MIRACLE and Beijing Jishuitan Hospital cooperate to open source the CTSpine1K dataset


The spine is an important part of the musculoskeletal system, sustaining body mobility and protecting spinal cord, the most important neural pathway in the body. The spine consists of 7 cervical vertebrae (C1-C7), 12 thoracic vertebrae (t1-t12), 5 lumbar vertebrae (L1-L5), 1 sacral vertebra, and 1 caudal vertebra. Note that there are people containing L6 (resulting from sacral lumbarization) or losing L5 (resulting from lumbar sacralization) with a rare occurrence in a population. Each vertebra is at risk of disease due to bearing the load of human body. The common spinal diseases in the clinic mainly include spinal degenerative diseases and intervertebral disc herniation. Common spinal degenerative diseases include cervical spondylosis, lumbar spondylosis, and thoracic spinal stenosis [1,2]. Disc herniation includes cervical disc herniation, thoracic disc herniation, and lumbar disc herniation, among which lumbar disc herniation is the most common. Spine-related diseases have high morbidity and cause a huge burden of social cost.
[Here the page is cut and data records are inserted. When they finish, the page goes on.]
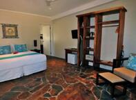 This room has a balcony with outdoor furniture, situated in tropical gardens with an open aired ensuite. Enjoy the hand crafted local furnishings, air conditioning and tea and coffee. Includes daily complimentary bottled water, TV, complimentary in room wifi, fridge, and a room safe. As in a duplex design, these rooms are not suitable for children under 5 years.
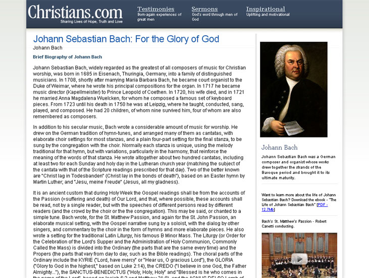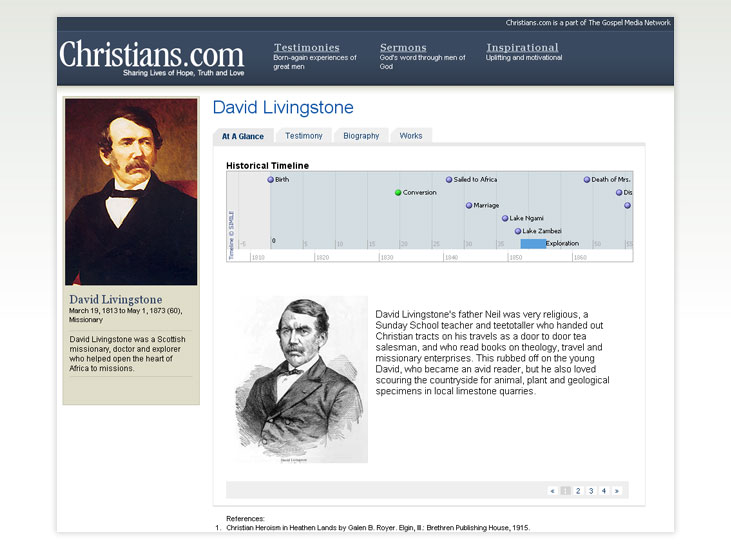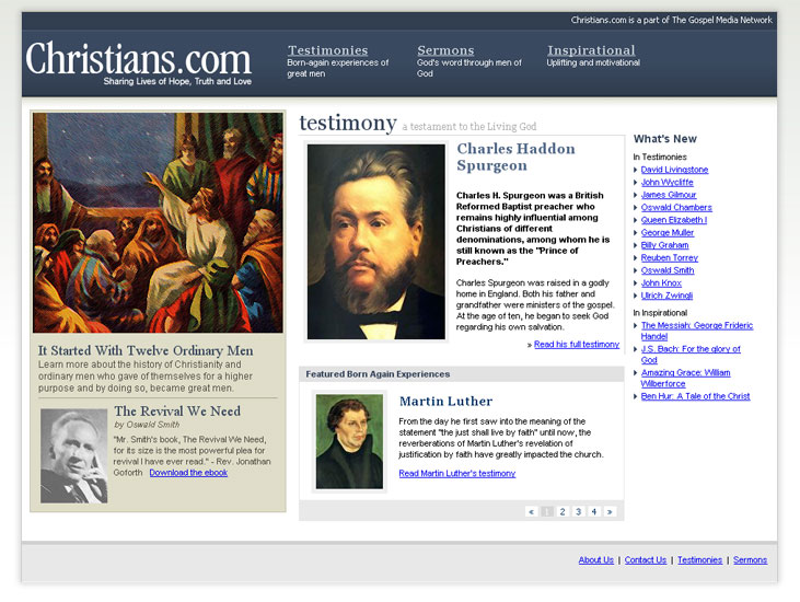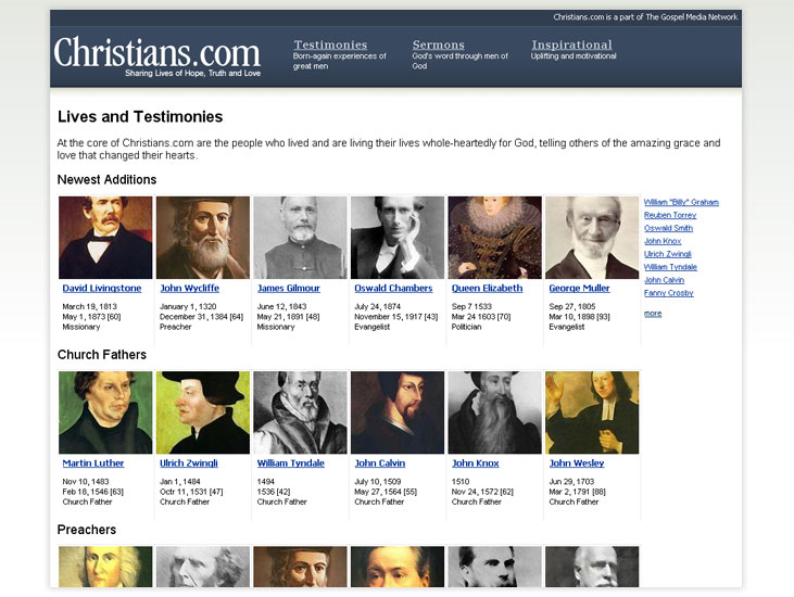 Christians.com's vision is to connect all the prominent Christians of all time and to present a brief biography and testimony of each Christian. Through timelines and connections, we will get a glimpse into how we are all part of God's family.
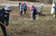 #эковесна акциясенə кушылып, мəктəп территориясен чистарту дəвам итə.

Traditionally, because of the high contrast between bone and soft tissue, CT is the preferred method to study the spine. CT image segmentation of the spine is a key step in the automatic quantification of spine morphology and pathology. In recent years, deep learning has achieved remarkable success in various medical imaging applications, and many automatic spinal CT image segmentation methods have been proposed. However, all of these methods are data-driven and validated only on private or small public datasets. For example, spineweb [3], a commonly used multimodal spine database, only contains two CT data sets: csi201410 and xvertseg11, both of which only contain dozens of CT data. To solve the problem of large-scale data scarcity, sekuboyina et al. Organized a large-scale vertebrae segmentation benchmark (verse) challenge, including verse’19 and verse’20 [4,5]. In verse’19, they released 160 CT data to the public. For verse’20, they released 300 CT data (including 86 data from verse’19), which is also the largest public spine CT data set so far. Nevertheless, these two datasets are still very small. At the same time, most of the CT data of these two datasets are “clipped”, each CT slice contains only a small part of the region with vertebrae, and the surrounding image information is clipped. Therefore, a large-scale spinal CT data set is urgently needed.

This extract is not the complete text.